To simplify the creation of COBRApy objects users can call the function
[cobramod.create_object](module/cobramod/index.html#cobramod.create_object). 
This function will automatically use the stored data or download the 
biochemical information.

In [2]:
from cobramod import create_object
from pathlib import Path
                                             
dir_data = Path.cwd().resolve().joinpath("data")
                                             
new_object = create_object(
    identifier="C00026",
    directory=dir_data,
    database="KEGG",
    compartment="c"
)
                                             
type(new_object)

cobra.core.metabolite.Metabolite

In this example, the KEGG metabolite [C00026](
https://www.genome.jp/dbget-bin/www_bget?C00026) (2-Oxoglutarate) is identified
as a metabolite and is automatically built as a COBRApy object. 

## Adding metabolites

To add metabolites to a model, users can simply employ the function
[cobramod.add_metabolites](
module/cobramod/index.html#cobramod.add_metabolites). This function is an 
extension of the original COBRApy function. Users can now use a simple syntax
to create the metabolites.

------

**SYNTAX**  
To retrieve biochemical data from a database:

    identifier, compartment

Additionally, users are able to create self-curated metabolites:

    formatted_identifier, name, compartment, chemical_formula, molecular_charge

------

The function `add_metabolites` can utilize a single string, a list with strings,
a Path object that includes strings or regular Metabolite objects.

In [3]:
from cobramod import add_metabolites
from cobramod.test import textbook_biocyc
from pathlib import Path
                                                                        
dir_data = Path.cwd().resolve().joinpath("data")
# Using copy
test_model = textbook_biocyc.copy()

add_metabolites(
    model=test_model,
    obj="MET, c",
    directory=dir_data,
    database="META"
)
type(test_model.metabolites.get_by_id("MET_c"))

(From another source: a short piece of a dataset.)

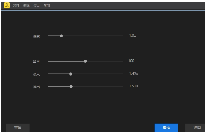 双击音频轨道上的音乐,弹出音频编辑框,对音乐的播放速度、音量进行调整,也可以加入淡入淡出效果,
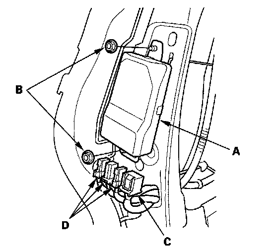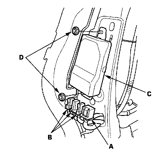 1. Place the new ODS unit (A) on the seat-back frame. Tighten the two nuts (B), and connect the ODS unit harness 18P connector (C) and sensor connectors (D) to the ODS unit.

cobra.core.metabolite.Metabolite

The first argument is the model to extend. The `obj` represents a string with
the identifier and the corresponding compartment.

Instead of a single string, users can also add a list with strings. In the
following example, a list with two identifiers is used for `obj`.

In [4]:
add_metabolites(
    model=test_model,
    obj=["MET, c", "SUCROSE, c"],
    directory=dir_data,
    database="META",
)
print(type(test_model.metabolites.get_by_id("MET_c")))
                                                               
test_model.metabolites.get_by_id("SUCROSE_c")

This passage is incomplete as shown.